#### DATA BELOW ####

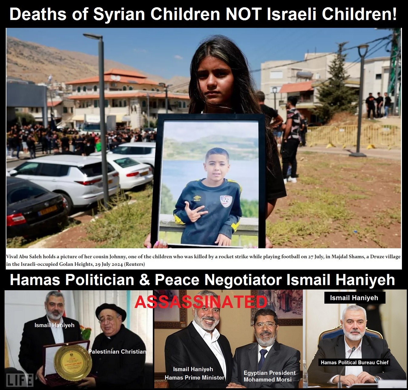 Lie that Israeli Children Died in Golan Heights used by Zionist Israel to Assassinate Top Hamas Politician Who was Negotiating Peace
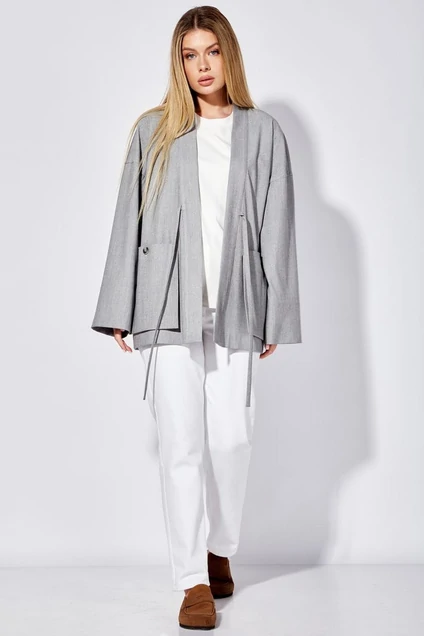 Жакет женский удлиненный в стиле кимоно из костюмной меланжевой ткани с притачной планкой по борту и горловине. В качестве застежки служат втачные завязки по планке. Спереди обработаны большые накладные-отлетные карманы, фиксируемые на петлю и пуговицу. Линия плеча спущена, рукава длинные широкие по низу с высокой подгибкой. Жакет без подкладки.
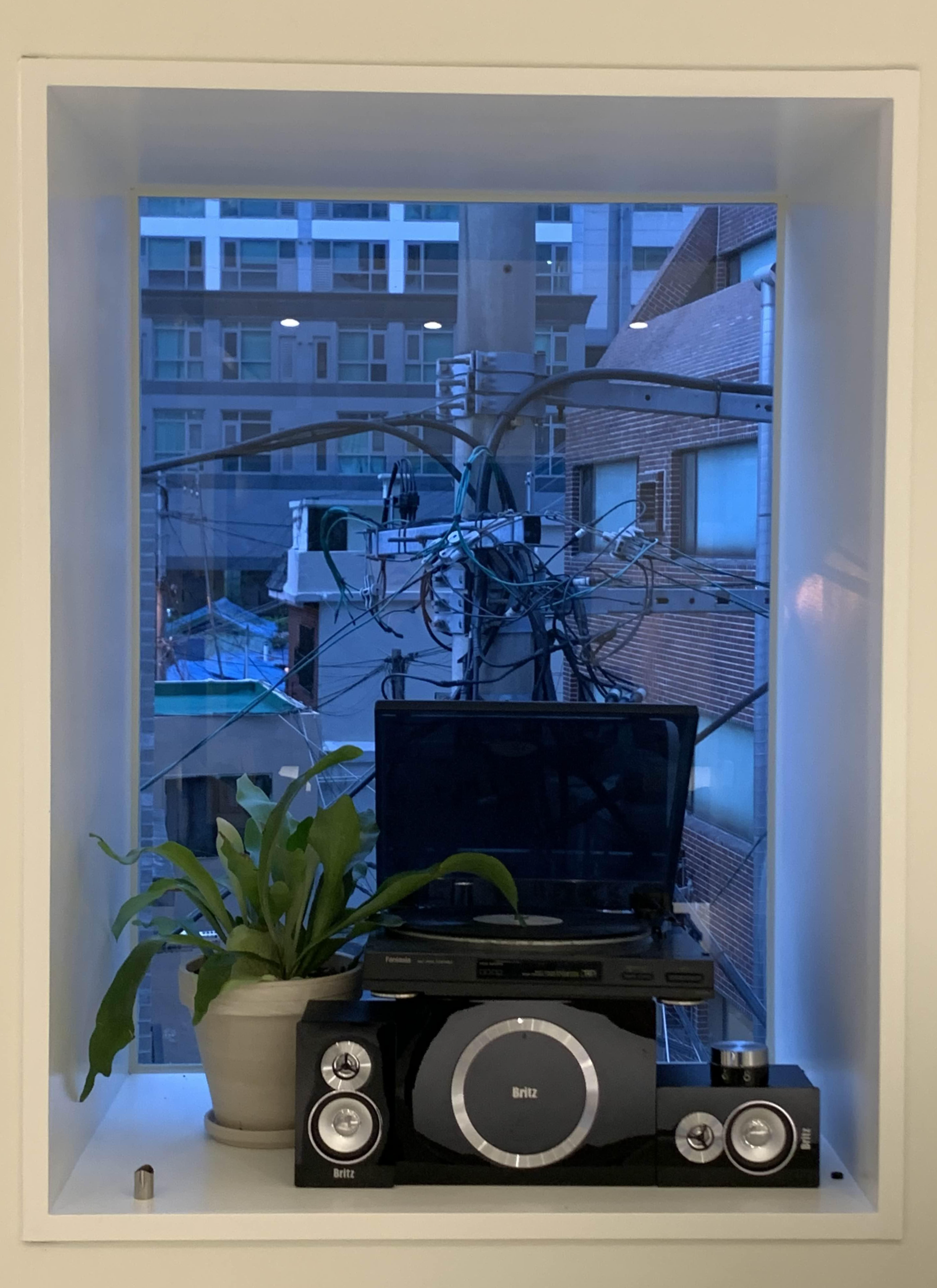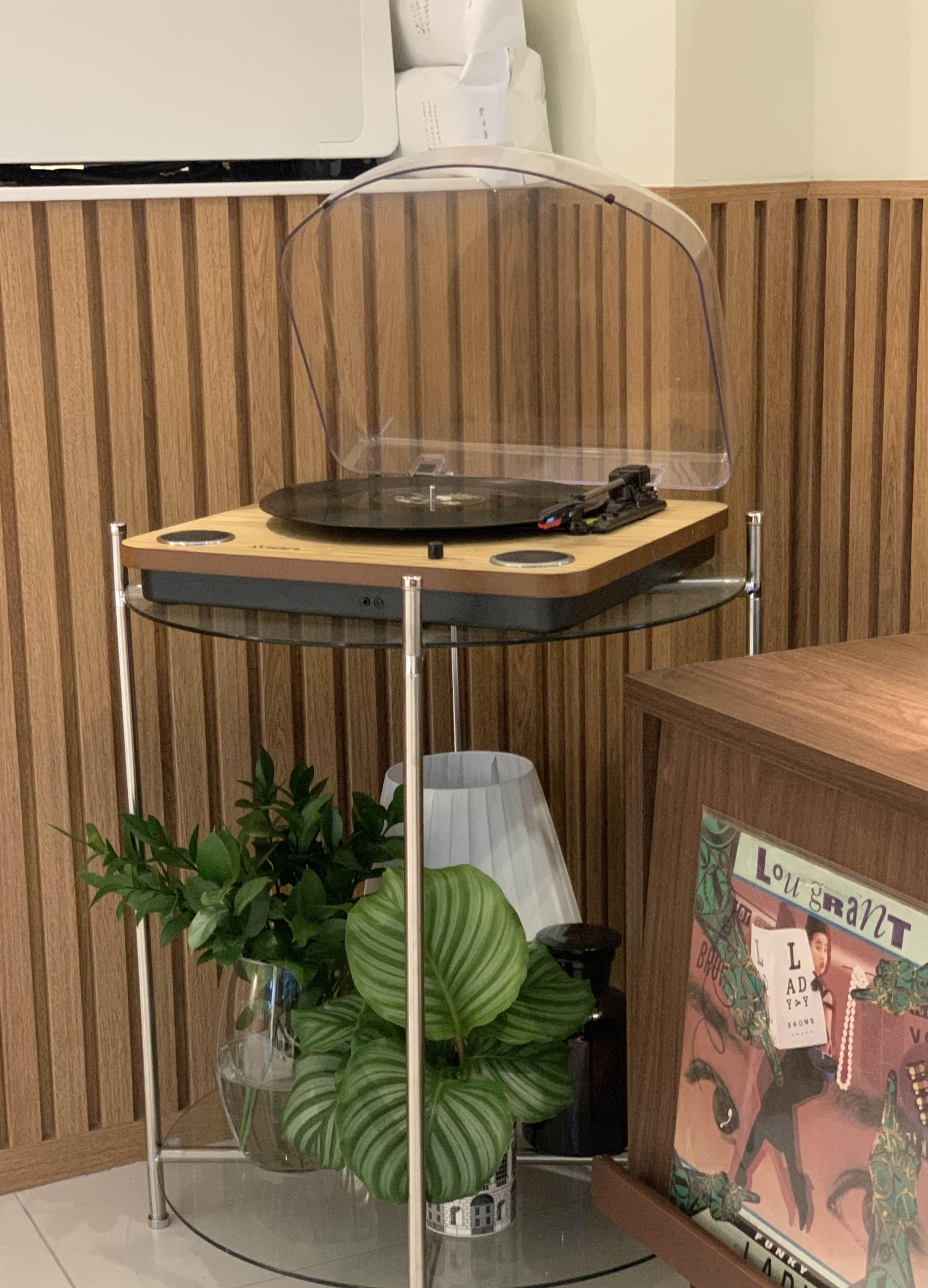 한쪽에 힙한 감성의 엘피판에서 노래가 흘러나오고 있었어요.

####

**WHAT YOU NEED TO DO**.
Return a verbatim transcription of the data, omitting all images.

**EXERCISE OUTPUT**.
 Lie that Israeli Children Died in Golan Heights used by Zionist Israel to Assassinate Top Hamas Politician Who was Negotiating Peace
 Жакет женский удлиненный в стиле кимоно из костюмной меланжевой ткани с притачной планкой по борту и горловине. В качестве застежки служат втачные завязки по планке. Спереди обработаны большые накладные-отлетные карманы, фиксируемые на петлю и пуговицу. Линия плеча спущена, рукава длинные широкие по низу с высокой подгибкой. Жакет без подкладки.
 한쪽에 힙한 감성의 엘피판에서 노래가 흘러나오고 있었어요.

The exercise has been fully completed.